Department of Cardiovascular Surgery, Dr. Siyami Ersek Thoracic and Cardiovascular Surgery Center, Istanbul, Turkey

Since stroke is an important cause of morbidity and mortality, carotid endarterectomies are used frequently to reduce the risk of stroke and death. Unfortunately, an inherent risk of the carotid endarterectomy procedure is that surgery itself may result in stroke. At this point the question is which method of anesthesia, local or general, is better to protect and monitorize the brain function during cross-clamp period in carotid endarterectomies? In the authors' center, 365 carotid endarterectomies were applied to 329 patients between 1990 and 2001; 165 operations were done under general anesthesia and the other 200 operations were done under local anesthesia. These 2 groups, general (group 1) and local anesthesia (group 11), were studied retrospectively according to preoperative and postoperative data. In group 1, the rate of major stroke was 7.3%, but this rate was 1% in group 11 (p <0.05).
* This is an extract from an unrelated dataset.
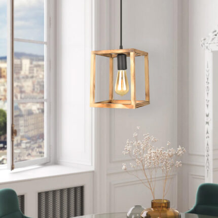 Φωτιστικό οροφής Kubo Megapap E27 ξύλινο μονόφωτο χρώμα φυσικό 18x18x65εκ.
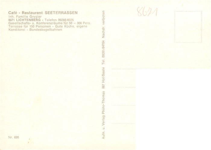 73941309 Lichtenberg Oberfranken Café Restaurant Seeterrassen Kegelbahn postalisch nicht gelaufen Erhaltung siehe scans [FriedD77] KatCode: 11110009475146

Intraoperative shunts were used in 50 (30.3%) operations of group 1, but the usage of shunt was 8% (16 operations) in group 11 (p< 0.000 1). The hospitalization period was also much shorter in group 11 than in group 1. The time of hospitalization was 4.1 ± 1.9 days in group I and 2.4 ± 1.1 days in group 11 (p < 0.0001). In terms of cost analysis, the mean costs were $1007.14 ± $135.71 in group I and $885.71 ± $78.57 in group 11 (p < 0.0001). In short, the local procedure was more cost-effective. As a result, in carotid endarterectomy procedures, the authors prefer local anesthesia to achieve better brain function monitoring and to reduce hospitalization time and cost.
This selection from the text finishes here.